The Patriots' one-season about-face meets the Seahawks' ruthless climb to the top of the league in Super Bowl LX

Summary of The Patriots' one-season about-face meets the Seahawks' ruthless climb to the top of the league in Super Bowl LX

by The Athletic

58mFebruary 3, 2026

Overview of The Athletic Football Show — Super Bowl LX preview

This episode of The Athletic Football Show (host Robert Mays) features deep conversations with The Athletic beat writers Chad Graff (Patriots) and Michael-Shawn Dugar (Seahawks). They break down how each franchise went from uncertain starting points to the Super Bowl — New England’s dramatic one-season turnaround under Mike Vrabel and a ruthless, methodical Seattle rebuild under Mike McDonald — and identify the tactical, personnel, and coaching details that will decide Super Bowl LX.

Key takeaways

  • New England’s turnaround is built on an extremely aggressive free-agency haul and strong coaching from Mike Vrabel and his staff.
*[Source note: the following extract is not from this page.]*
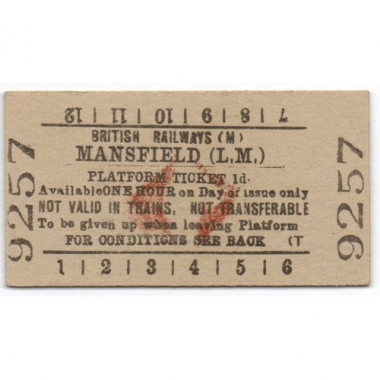 Platform Ticket, BR (M), Mansfield (L.M.), 1d, Series T, Serial No. 9257

Many traditionally risky signings (high AAV veterans and lots of mid/low-cost additions) surprisingly paid off across the roster.
  • Drake May’s leap into an elite quarterback this season is the single biggest reason the Patriots are here — his deep ball, scrambling and decision-making were far better than expected.
  • Patriots defensive play-calling under Zach Coor (elevated after the defensive coordinator’s cancer diagnosis) has been adaptive and varied — they changed their looks, blitz rates and personnel usage throughout the year, keeping opponents off balance.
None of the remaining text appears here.